La saison 2025/26 de Ligue des champions s’annonce comme un véritable test de résistance pour Benfica et le Sporting Portugal. À l’aube de la deuxième édition du nouveau format à 36 équipes, les deux représentants portugais se retrouvent engagés dans une phase de ligue qui leur réserve huit matchs face à des adversaires aussi redoutables que prestigieux.
Un calendrier corsé pour les deux géants portugais
Benfica ouvrira le bal à domicile contre Qarabag (16 septembre), avant d’enchaîner des chocs européens contre Chelsea à Stamford Bridge (30 septembre), Newcastle (21 octobre) ou encore le Real Madrid (28 janvier). Entre-temps, les Aigles recevront aussi le Bayer Leverkusen et se déplaceront à Amsterdam pour affronter l’Ajax. Une campagne relevée, où chaque point sera disputé avec acharnement.
De son côté, le Sporting CP devra composer avec un menu tout aussi relevé : après une entame plus accessible contre Kairat Almaty, les Lions se frotteront à Naples, Marseille, la Juventus, Bruges, le Bayern Munich, le PSG et l’Athletic Bilbao. Un parcours semé d’embûches, où l’expérience accumulée ces dernières années en Europe devra peser lourd.
La configuration de cette nouvelle phase de ligue impose une gestion optimale de l’effectif. 8 matchs, 8 adversaires différents, et des déplacements éprouvants : le rythme sera infernal entre septembre et janvier. Les clubs portugais le savent : l’ambition passe par la profondeur du banc et une régularité de haut niveau.

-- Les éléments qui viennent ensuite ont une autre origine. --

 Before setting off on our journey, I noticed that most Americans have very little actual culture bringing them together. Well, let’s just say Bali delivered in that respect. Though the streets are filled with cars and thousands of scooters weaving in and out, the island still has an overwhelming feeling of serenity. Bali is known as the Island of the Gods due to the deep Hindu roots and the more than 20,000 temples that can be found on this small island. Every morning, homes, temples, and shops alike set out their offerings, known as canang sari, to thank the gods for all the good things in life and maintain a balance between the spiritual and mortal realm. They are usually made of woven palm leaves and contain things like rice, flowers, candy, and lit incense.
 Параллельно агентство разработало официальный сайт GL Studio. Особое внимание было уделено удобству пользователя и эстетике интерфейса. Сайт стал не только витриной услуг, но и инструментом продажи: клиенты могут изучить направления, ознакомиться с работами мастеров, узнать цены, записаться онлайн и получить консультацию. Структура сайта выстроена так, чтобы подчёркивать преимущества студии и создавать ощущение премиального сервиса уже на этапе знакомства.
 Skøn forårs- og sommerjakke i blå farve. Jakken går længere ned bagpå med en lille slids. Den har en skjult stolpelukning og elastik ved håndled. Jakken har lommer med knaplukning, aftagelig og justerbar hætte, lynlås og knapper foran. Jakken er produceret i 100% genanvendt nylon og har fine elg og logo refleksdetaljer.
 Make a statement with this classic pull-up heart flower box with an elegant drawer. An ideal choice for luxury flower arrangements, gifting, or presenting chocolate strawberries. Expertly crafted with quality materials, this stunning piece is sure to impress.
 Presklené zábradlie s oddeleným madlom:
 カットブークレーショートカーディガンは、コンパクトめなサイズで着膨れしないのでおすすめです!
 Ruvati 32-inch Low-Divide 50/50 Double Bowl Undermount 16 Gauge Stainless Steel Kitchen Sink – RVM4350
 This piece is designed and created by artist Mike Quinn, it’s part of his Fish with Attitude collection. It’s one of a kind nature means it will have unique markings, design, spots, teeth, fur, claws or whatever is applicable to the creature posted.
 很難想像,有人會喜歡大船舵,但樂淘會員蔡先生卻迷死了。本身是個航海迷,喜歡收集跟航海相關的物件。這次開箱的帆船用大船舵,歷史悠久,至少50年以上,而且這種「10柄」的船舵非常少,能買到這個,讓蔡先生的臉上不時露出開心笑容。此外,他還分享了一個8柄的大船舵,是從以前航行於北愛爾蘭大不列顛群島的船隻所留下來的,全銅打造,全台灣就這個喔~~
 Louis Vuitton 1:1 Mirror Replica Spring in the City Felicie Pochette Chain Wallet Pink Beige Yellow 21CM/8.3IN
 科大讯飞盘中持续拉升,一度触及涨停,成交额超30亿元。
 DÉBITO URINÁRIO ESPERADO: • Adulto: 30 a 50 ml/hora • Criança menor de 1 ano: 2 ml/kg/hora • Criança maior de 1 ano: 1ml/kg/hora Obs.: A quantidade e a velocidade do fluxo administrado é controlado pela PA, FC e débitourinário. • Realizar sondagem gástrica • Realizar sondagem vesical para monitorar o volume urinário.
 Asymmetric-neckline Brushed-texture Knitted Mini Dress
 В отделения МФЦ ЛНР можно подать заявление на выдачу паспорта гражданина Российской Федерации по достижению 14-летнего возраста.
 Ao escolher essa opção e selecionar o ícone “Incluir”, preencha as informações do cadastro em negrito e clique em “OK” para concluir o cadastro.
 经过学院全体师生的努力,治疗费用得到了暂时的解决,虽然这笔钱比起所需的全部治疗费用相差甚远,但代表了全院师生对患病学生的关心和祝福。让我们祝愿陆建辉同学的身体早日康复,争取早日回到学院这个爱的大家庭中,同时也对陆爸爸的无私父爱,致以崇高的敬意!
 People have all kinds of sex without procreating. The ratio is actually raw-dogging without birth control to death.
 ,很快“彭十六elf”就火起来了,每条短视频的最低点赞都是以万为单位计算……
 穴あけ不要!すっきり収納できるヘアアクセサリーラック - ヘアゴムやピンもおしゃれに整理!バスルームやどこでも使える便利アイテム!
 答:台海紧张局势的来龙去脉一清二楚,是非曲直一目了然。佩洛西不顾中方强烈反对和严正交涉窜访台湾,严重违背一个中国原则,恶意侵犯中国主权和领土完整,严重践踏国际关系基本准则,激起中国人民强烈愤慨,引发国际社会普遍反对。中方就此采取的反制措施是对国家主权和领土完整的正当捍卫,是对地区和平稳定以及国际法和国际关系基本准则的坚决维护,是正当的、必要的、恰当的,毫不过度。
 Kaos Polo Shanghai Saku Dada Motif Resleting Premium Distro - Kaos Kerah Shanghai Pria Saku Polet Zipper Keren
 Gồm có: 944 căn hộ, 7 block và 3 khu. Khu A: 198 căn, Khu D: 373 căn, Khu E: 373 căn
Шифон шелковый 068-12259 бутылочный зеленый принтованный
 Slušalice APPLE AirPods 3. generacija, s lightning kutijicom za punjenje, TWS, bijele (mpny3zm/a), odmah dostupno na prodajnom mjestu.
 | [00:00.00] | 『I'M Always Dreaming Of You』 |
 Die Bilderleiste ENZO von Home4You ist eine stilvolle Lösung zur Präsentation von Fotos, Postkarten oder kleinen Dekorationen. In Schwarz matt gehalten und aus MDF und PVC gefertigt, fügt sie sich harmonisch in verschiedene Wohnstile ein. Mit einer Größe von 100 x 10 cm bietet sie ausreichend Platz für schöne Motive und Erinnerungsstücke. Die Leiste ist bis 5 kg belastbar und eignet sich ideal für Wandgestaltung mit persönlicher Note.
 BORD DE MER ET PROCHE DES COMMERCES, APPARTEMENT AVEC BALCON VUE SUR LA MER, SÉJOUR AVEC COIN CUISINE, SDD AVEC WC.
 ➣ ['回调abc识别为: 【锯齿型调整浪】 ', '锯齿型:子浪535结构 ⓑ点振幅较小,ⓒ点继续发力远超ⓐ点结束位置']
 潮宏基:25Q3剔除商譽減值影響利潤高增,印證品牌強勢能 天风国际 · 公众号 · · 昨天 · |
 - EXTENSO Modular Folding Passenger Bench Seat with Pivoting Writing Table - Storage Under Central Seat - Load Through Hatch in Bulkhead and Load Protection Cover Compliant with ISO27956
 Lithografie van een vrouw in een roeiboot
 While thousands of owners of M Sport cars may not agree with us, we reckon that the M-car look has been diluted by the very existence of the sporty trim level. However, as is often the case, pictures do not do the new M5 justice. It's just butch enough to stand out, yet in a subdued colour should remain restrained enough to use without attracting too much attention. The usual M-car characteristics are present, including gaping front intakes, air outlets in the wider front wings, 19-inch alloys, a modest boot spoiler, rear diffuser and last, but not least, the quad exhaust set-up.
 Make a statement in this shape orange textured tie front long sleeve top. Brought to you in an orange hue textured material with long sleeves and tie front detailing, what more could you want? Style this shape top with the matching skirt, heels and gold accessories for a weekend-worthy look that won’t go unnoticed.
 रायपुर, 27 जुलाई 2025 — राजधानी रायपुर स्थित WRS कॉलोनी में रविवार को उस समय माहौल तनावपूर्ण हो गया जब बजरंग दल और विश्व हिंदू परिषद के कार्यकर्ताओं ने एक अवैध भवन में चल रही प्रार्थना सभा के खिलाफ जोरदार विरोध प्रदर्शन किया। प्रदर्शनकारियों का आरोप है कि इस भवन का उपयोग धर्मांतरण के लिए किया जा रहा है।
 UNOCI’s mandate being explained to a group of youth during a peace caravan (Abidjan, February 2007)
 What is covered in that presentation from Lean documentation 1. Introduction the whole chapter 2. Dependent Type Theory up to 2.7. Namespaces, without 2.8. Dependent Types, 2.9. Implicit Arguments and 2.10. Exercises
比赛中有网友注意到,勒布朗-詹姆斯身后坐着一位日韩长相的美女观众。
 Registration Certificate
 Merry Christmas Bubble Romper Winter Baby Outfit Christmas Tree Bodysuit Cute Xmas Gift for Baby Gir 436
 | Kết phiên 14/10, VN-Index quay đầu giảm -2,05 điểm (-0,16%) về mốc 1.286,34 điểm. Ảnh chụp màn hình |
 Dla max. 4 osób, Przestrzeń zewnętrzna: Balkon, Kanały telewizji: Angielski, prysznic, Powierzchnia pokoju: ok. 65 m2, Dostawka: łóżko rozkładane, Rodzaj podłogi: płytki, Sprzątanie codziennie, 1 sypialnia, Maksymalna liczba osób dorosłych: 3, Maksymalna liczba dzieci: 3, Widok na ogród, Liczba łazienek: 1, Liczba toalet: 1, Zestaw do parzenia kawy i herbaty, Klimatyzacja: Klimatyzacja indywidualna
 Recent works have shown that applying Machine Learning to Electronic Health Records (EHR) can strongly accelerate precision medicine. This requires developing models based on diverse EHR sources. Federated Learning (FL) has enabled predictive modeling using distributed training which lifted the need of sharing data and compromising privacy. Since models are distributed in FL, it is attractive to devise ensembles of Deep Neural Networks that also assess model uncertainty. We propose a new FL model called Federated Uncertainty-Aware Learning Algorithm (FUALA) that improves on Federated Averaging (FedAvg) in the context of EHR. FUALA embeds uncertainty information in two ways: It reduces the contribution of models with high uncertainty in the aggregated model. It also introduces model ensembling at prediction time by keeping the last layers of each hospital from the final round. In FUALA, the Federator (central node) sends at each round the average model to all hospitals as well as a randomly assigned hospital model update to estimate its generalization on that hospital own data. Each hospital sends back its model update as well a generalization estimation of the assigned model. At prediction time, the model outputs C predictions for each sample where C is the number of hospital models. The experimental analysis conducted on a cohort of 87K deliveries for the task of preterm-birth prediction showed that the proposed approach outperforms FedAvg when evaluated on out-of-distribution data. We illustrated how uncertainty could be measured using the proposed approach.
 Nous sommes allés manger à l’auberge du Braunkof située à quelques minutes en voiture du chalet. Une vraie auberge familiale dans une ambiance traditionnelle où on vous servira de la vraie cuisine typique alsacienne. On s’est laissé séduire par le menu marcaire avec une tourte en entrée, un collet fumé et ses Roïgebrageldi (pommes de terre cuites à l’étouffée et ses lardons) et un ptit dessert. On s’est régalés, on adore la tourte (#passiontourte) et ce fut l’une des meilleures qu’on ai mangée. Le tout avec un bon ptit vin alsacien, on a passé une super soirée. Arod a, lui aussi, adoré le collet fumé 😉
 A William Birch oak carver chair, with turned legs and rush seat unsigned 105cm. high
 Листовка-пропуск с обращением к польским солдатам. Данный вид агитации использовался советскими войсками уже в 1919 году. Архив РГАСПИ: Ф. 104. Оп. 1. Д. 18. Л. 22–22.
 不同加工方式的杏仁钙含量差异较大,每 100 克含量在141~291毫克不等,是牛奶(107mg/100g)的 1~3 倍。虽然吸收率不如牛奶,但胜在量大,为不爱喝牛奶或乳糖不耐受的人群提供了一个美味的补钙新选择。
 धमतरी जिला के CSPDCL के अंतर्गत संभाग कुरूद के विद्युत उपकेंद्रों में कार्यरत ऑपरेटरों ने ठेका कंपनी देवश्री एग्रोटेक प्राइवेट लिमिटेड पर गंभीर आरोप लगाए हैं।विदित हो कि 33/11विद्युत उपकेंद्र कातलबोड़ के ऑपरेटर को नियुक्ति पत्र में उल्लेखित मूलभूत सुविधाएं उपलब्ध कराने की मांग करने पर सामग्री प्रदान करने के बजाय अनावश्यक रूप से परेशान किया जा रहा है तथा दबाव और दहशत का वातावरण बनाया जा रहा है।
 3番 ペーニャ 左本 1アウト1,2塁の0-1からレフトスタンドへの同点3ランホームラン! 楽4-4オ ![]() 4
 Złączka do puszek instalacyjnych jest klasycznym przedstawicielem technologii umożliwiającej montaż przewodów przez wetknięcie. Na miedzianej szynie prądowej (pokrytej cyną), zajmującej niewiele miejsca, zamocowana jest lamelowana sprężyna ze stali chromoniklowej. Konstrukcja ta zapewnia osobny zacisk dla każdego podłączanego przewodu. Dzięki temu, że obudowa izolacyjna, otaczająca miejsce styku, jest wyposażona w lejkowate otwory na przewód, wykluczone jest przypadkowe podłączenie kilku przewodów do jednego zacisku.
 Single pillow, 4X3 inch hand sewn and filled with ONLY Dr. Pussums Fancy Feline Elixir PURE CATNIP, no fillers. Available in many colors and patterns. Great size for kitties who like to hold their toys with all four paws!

Un nouveau format aux allures de coupe du monde des clubs
Depuis 2024, la Ligue des champions ne fonctionne plus avec des groupes traditionnels, mais avec une phase de ligue unique rassemblant 36 équipes. Chaque club dispute 8 matchs contre 8 adversaires différents. À l’issue de cette phase, les huit premiers se qualifient directement pour les huitièmes de finale, tandis que les équipes classées entre la 9e et la 24e place joueront un tour de barrages pour les rejoindre.
Ce système augmente mécaniquement le nombre de confrontations internationales de haut niveau. Et pour des clubs comme Benfica ou le Sporting, cela signifie autant d’opportunités de se frotter à l’élite, mais aussi de souffrir. Il ne suffira plus d’être bon dans un mini-groupe : il faudra tenir le rythme sur quatre mois, face à des styles variés et des forces tactiques contrastées.
Avec ce modèle, la Champions League ressemble de plus en plus à une ligue fermée déguisée, où les plus grands clubs cherchent à verrouiller leur présence au sommet. Pour les clubs portugais, cette réforme est à la fois un défi sportif et une vitrine pour exister parmi les puissances établies.
Les poids lourds européens au rendez-vous
Le casting 2025/26 a fière allure : le PSG, le Bayern, le Real Madrid, Manchester City, Arsenal, la Juventus, le Barça ou encore l’Inter Milan sont de la partie. Sans oublier Ajax, Galatasaray, Olympiacos ou encore des outsiders comme Bodø/Glimt ou Pafos FC. Pour Benfica et Sporting, c’est une plongée directe dans le grand bain.
Le choc le plus attendu ? Sans doute le Benfica – Real Madrid du 28 janvier, ou encore le Sporting – PSG du 20 janvier. Deux affiches de gala qui rappellent que les clubs lusitaniens peuvent encore rêver d’exploits et d’ambiances mémorables.
Mais c’est dans les matchs dits « intermédiaires », face à des clubs comme Bruges, Leverkusen ou Naples, que tout pourrait se jouer. La régularité primera sur les coups d’éclat. Et la capacité à prendre des points partout, à commencer par Qarabag ou Kairat, fera toute la différence.
Une saison de tous les dangers, mais aussi de tous les espoirs
Pour les fans portugais, cette Ligue des champions au format élargi est une bénédiction : plus de matchs, plus de grands noms, plus de soirées européennes à vivre. Pour les clubs, c’est un enjeu financier et sportif immense. La qualification directe pour les huitièmes est un objectif difficile, mais réaliste si la campagne est bien gérée.
Le rendez-vous est pris : à partir du 16 septembre, le football européen s’invite au Portugal, et les clubs lusitaniens entendent bien y faire entendre leur voix. À eux de jouer.